Posted by: Kathleen | January 07, 2012 at 02:52 AM
I always think our homes are such a reflection of ourselves so in many ways I am glad mine is cluttered with things I love and full of warmth because I want that to be a reflection of me. Sometimes we all would like a more ordered home but I know for me that will never happen. I am a bit of a perfectionist with things and may try to amend this in 2012, life is too short. Thanks for an inspiring post Sonia. Jane xxx
Posted by: Jane Cardie | January 07, 2012 at 12:07 PM
I too feel that perfectionism and the need to be in control often block us and keep us from more risk taking in our daily and creative lives.
My ideal is to be surrounded by loved and beautiful things, and that order should serve a purpose (I hate wasting time looking for things, for example) and not be something imposed that makes us suffer.
The book sounds really interesting, I'll be adding it to my wish list for this year.
Posted by: MzTallulah | January 09, 2012 at 04:47 PM
I read this book recently to. I'd never even heard of Wabi Sabi until I saw a photo of the book on Brooke's blog and then I looked it up on Wikipedia and then ordered the book. It made me laugh that you'd been reading it because when I read it I thought 'Sonia will love this'. I found it rather interesting and the part which sticks out in my mind is the part about how everything is either coming from nothing or on it's way to nothing.

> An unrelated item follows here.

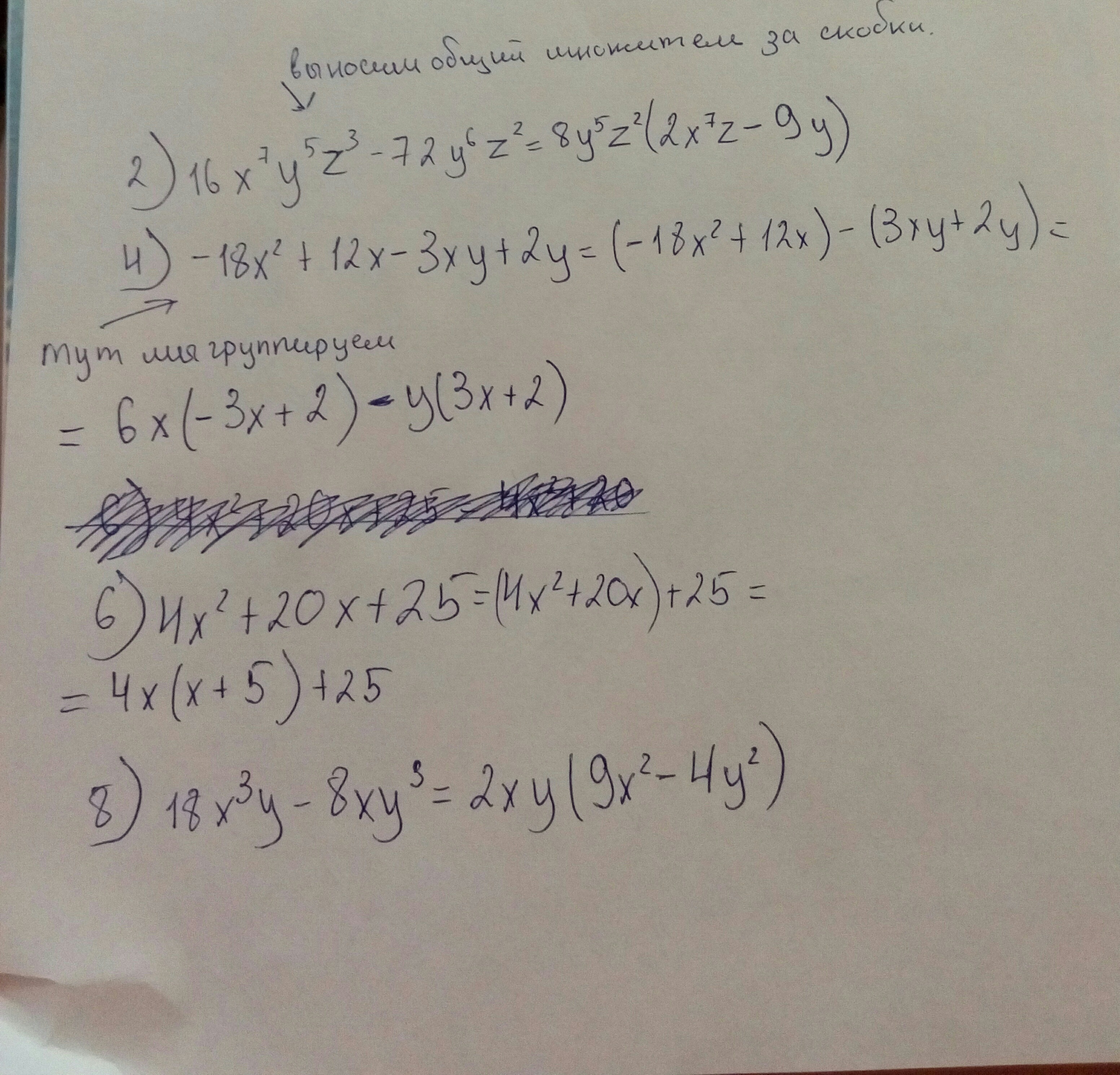 Выносим общий множитель за скобки. Единственное в чём я не очень уверенна, это в цифре 6, советую сравнить с ответами сами знаете где
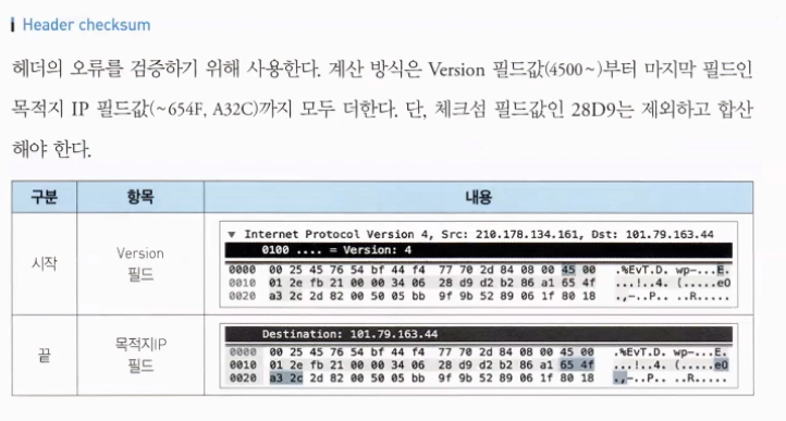 IP 헤더가 전송 중 손상되었는지 검사하는 값이다.

Posted by: Jill Wignall | January 10, 2012 at 08:42 AM
Thanks for posting about Wabi Sabi - I had never heard of it but reading about it really crystalised my thoughts and I was also able to find and treat myself to this lovely book about it. http://www.amazon.co.uk/gp/product/0316118257/ref=pd_lpo_k2_dp_sr_3?pf_rd_p=103612307&pf_rd_s=lpo-top-stripe&pf_rd_t=201&pf_rd_i=1880656124&pf_rd_m=A3P5ROKL5A1OLE&pf_rd_r=0Y4NQJG8N7ZM6SVJT95R
Posted by: Catherine | January 12, 2012 at 10:59 PM
Hi Sonia. As an artist and crafter I find your post very inspiring. Wabi Sabi speaks very strong and directly into the way I look at my art, my cloth, my home, whatever sourronds me.
Wonder if you know about a similar(?) concept: ZAKKA?! http://ihanne.wordpress.com/2007/08/06/zakka I feel it's somehow the same way of worshipping simplicity - just put in other terms?
Anyway, THANKS for bringing this up! And would you mind if I join you in your commitments for 2012?